Special needs high school students get taste of kitchen life

Quest-managed suburban Chicago school food service teaches life and work skills.

Students in a special program at St. Charles (Ill.) East High School get hands-on exposure to a commercial kitchen—the school cafeteria facility. Each day, a team of two or three joins the foodservice crew for one or two school periods to help with prep, learning both life skills and potential job skills in the process.

Reaching Independence through Support and Education, or RISE, provides individualized instruction and support to Community Unit School District 303 students with intellectual or multiple disabilities. The program combines academics, communication and self-advocacy to promote ultimate independence of the students.

A portion of each day is devoted to academics—reading, writing and math, says Christina Colclasure, a RISE teacher. Students also learn life skills such as grocery shopping and engage in work-based learning experiences.

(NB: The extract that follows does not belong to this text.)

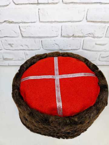 Кубанка из коричневого натурального каракуля, сура, с красным верхом .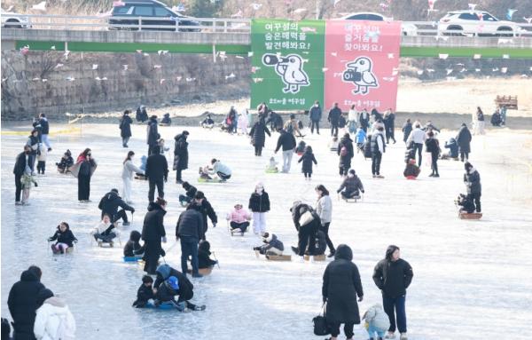 첫 축제로 마련된 이번 행사는 마을 앞 하천에 자라던 풀 ‘여뀌’를 주민들이 정겹게 불러온 이름 ‘여꾸섬’을 무대로, 자연 빙판을 활용한 썰매 체험이 입소문을 타며 여꾸섬은 아이들과 가족들로 가득 찼다.

In the cafeteria kitchen, the students are instructed in sanitation procedures and shown how to handle simple tasks. RISE job coaches, who are special ed teaching assistants, are on hand to support the students as needed.

“It always blows my mind how they stay on top of the sanitation stuff,” says Sandra Biasetti, food service director with Quest Food Management Services, which operates dining at two district high schools. “When they come in, the first thing they do is wash their hands, then put on hairnets.”

“Sometimes we have problems with the cooks doing these things,” Biasetti adds, with a laugh.

The students are shown how to handle jobs like panning up cookie dough, packaging the baked product, replenishing drink coolers and prepping frozen pizzas for baking.

Cookie duty is arguably the most popular task—on Fridays, the students get to sample some of their handiwork as a “payday” for their efforts.

Each hands-on session lasts 30 to 45 minutes, and students spend a semester in the kitchen.

The students are a welcome presence in the kitchen, Biasetti says. “They are such happy kids, and they look forward to doing their jobs,” she observes. Once they complete their assigned tasks, they typically ask what else they can tackle. The staff and students typically develop a friendly rapport during the semester. One student, whose second language is Spanish, likes to banter with a staffer who also speaks Spanish. The students notice when an employee is out for the day.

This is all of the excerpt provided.